Frieze Special: Fraud and fakery are no surprise in the art world – just ask Modigliani

By Spear's

Author: Abdus Shuman

Ralph Lerner, a high-profile art-world lawyer — he has worked with Steven A Cohen, the Gagosian Gallery and the Sonnabend Foundation — and the co-author of Art Law: The Guide for Collectors, Investors, Dealers and Artists, stands accused of misappropriating $750,000 from the Cy Twombly Foundation. And James Meyer, an assistant to Jasper Johns for 27 years, has been charged with stealing 22 works from Johns and selling them for $6.5 million.
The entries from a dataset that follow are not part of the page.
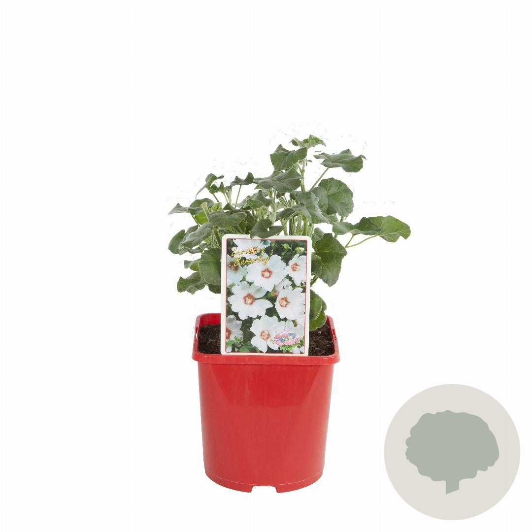 | Toelichting | Struikmalva 'Barnsley' is een prachtige vaste plant met roze bloemen die bloeien van juni tot september. Deze plant wordt ongeveer 150 cm hoog en gedijt het beste in de volle zon op lichte klei, neutrale of voedselrijke grond. |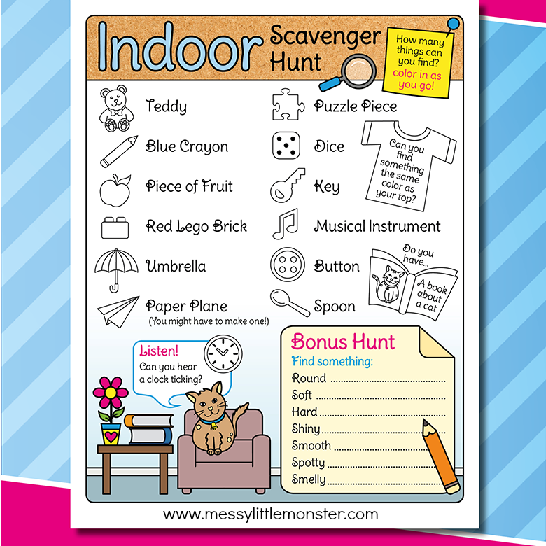 Download and print out this fun indoor scavenger hunt for kids.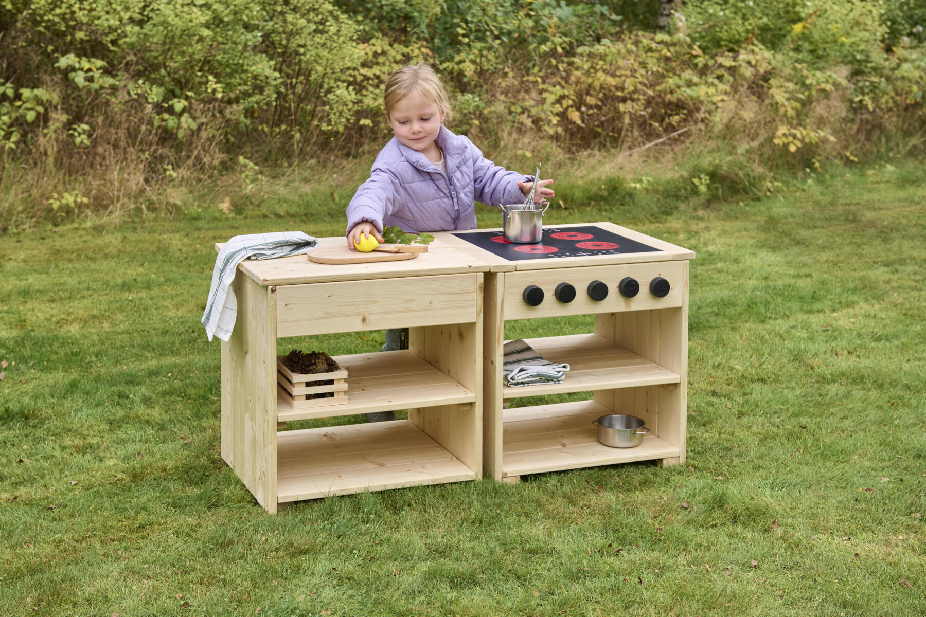 Detta robusta utekök skapar en inspirerande utemiljö för öppen och fantasifull rollek. Här uppmuntras barnen att utforska, blanda och experimentera med kladdig matlagning i sand och vatten. Köksön är utrustad med en rejäl spis med induktionsplatta och vridbara knappar samt en vask med kran. Barnanpassade arbetsytor och öppna hyllor gör det enkelt för barnen att nå material och hålla ordning. Den nedsänkta backen är lätt att lyfta ur för smidig rengöring. Av massiv FSC-märkt furu med marknära delar i slitstarkt robiniaträ för förlängd livslängd på produkten. Köksön finns i både oljad och rötskyddsbehandlad variant. Levereras färdigmonterad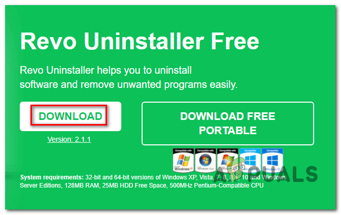 - Open your default browser and access this link (here) to download and install the latest free version of Revo Uninstaller. Once you get there, click the Download button to initiate the process.
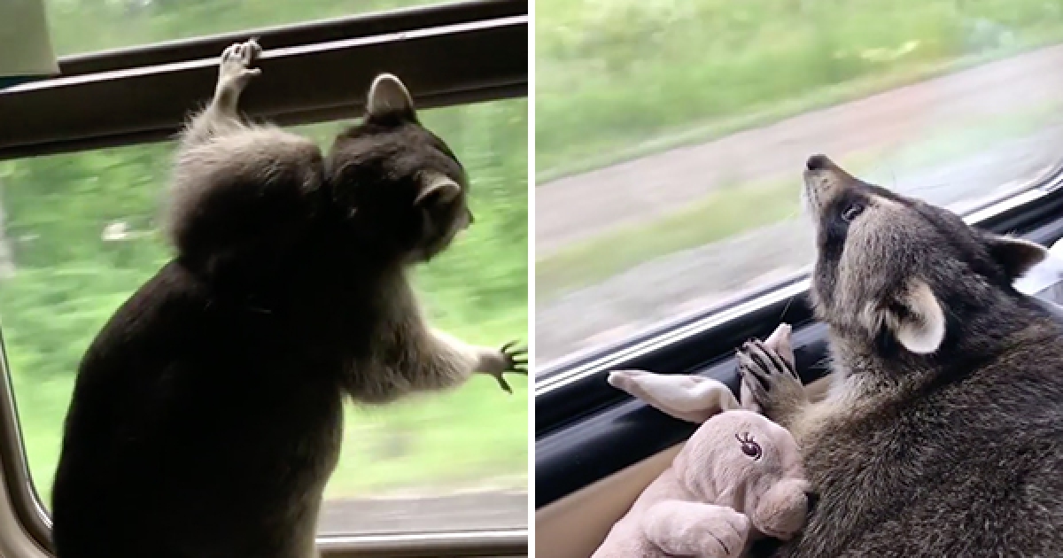 小浣熊搭火車「High翻亂竄」 猛盯窗外:風景動好快哦~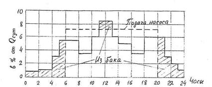 Аккумулирующий объем Wак определяется в зависимости от режима работы насосов и суточного ступенчатого графика потребления, на котором по оси абсцисс дано время в часах, а на оси ординат - часовой расход воды в процентах от суточного расхода. На рис. 5 приведен в качестве примера ступенчатый график водопотребления, совмещенный с подачей насоса, работающего в течение 14 часов (с 6 до 20 часов). Часовой расход насоса при этом составит 100 % / 14 = 7,14 % от суточного расхода. Заштрихованная площадь на графике соответствует аккумулирующему объему Wак в процентах от суточного расхода.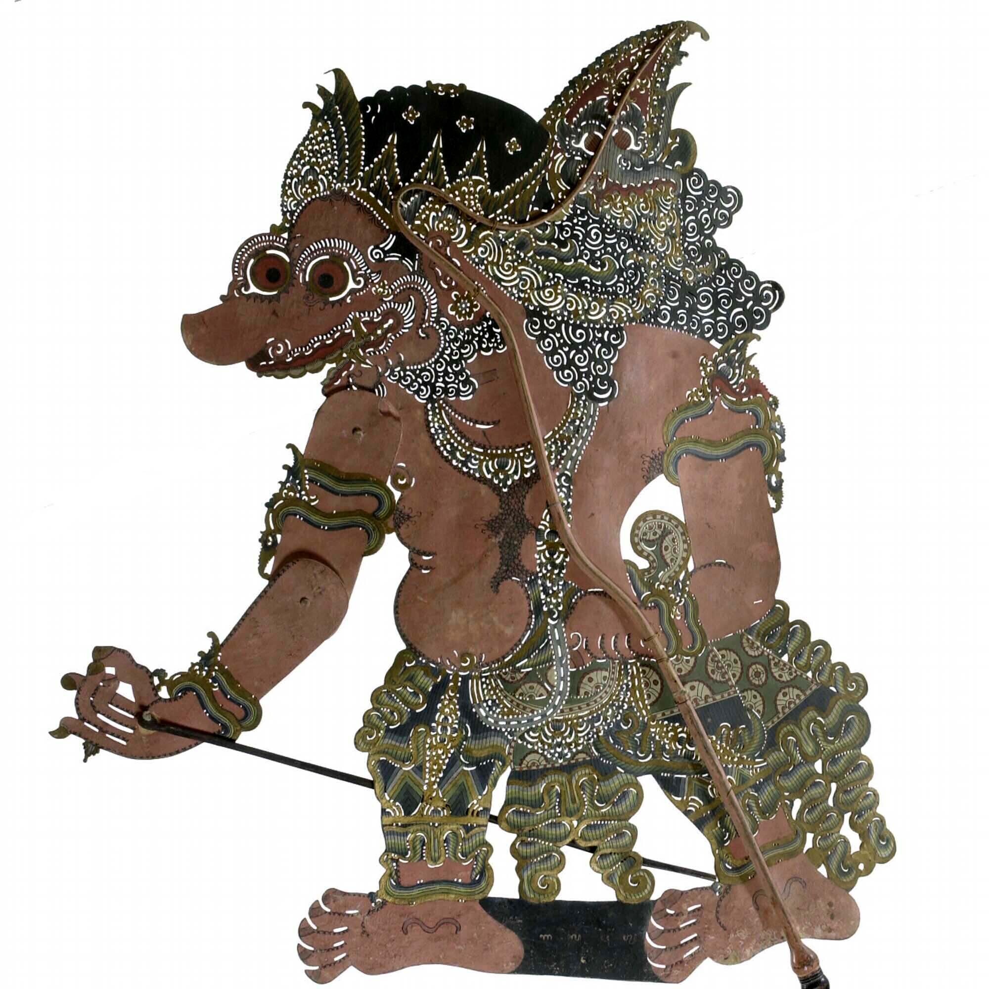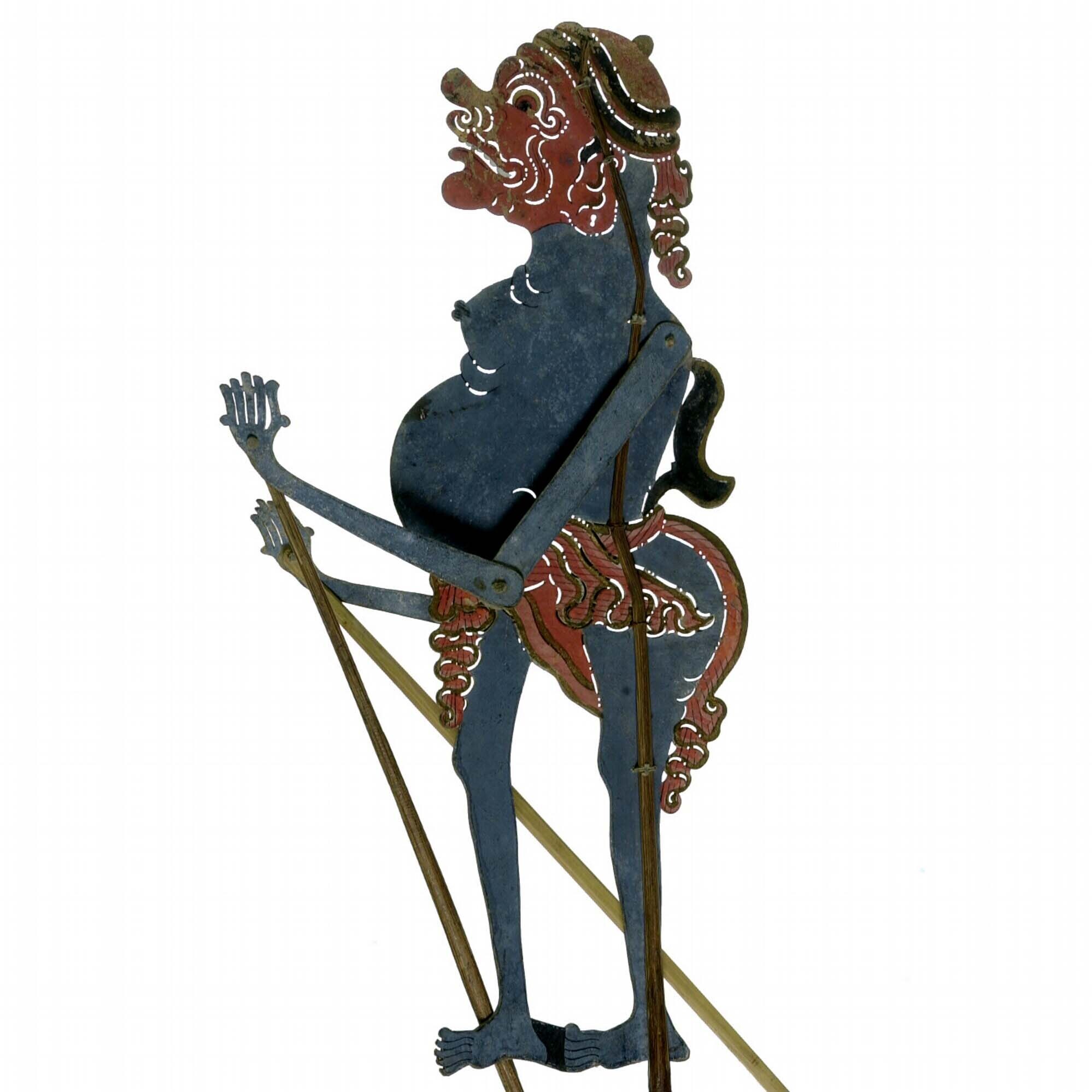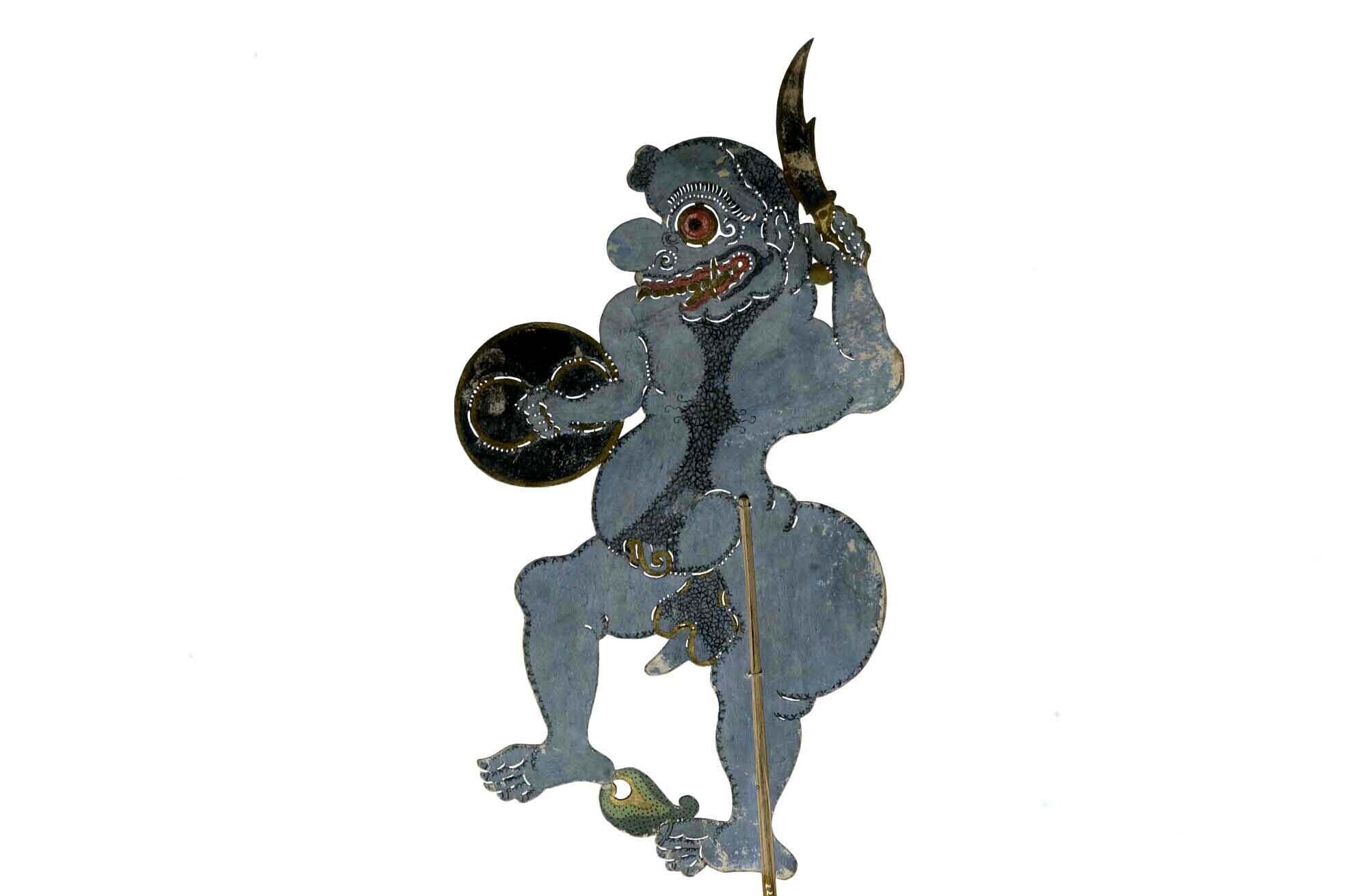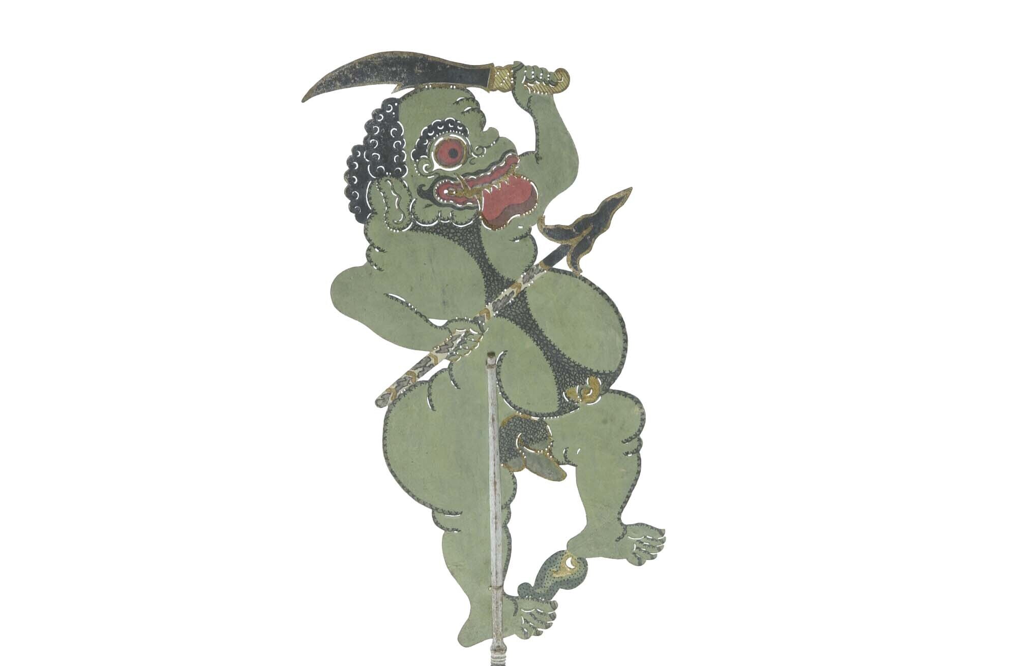Wajangpop, demonenfiguur met wijd openstaande bek en...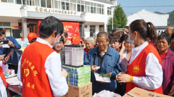 来自宝鸡市口腔医院的爱心志愿者们,在活动现场发放口腔健康宣传彩页,为村民赠送了牙膏牙刷等小礼品,指导村民正确刷牙,重视口腔健康,提醒村民及时治疗龋齿,口腔溃疡、重度牙周病等口腔高发疾病。

Nobody in the art world has expressed much surprise at such goings-on, at the high disclosure rate of scandals or at the galactic numerals. And the behaviour patterns? Well, I have watched individuals I would trust implicitly in any mundane transaction segue gleefully from Jekyll to Hyde when they enter the arcane undergrowth of the art world.

But I’ll play ethicist some other time; it’s more seductive to be a chronicler. So here’s another characteristic tale of the art world. It is convoluted but juicy, and this also came to some kind of resolution earlier this year.

Running story

The story begins several years back, when a Manhattan dealer was approached by a runner. Runners are an important, below-the-radar presence in the art world — they earn their living by supplying
dealers with information on work that is available, usually from other dealers. This runner, acting on behalf of a lawyer in Florida, was offering a collection of paintings that were were hanging in a mansion on Rhode Island.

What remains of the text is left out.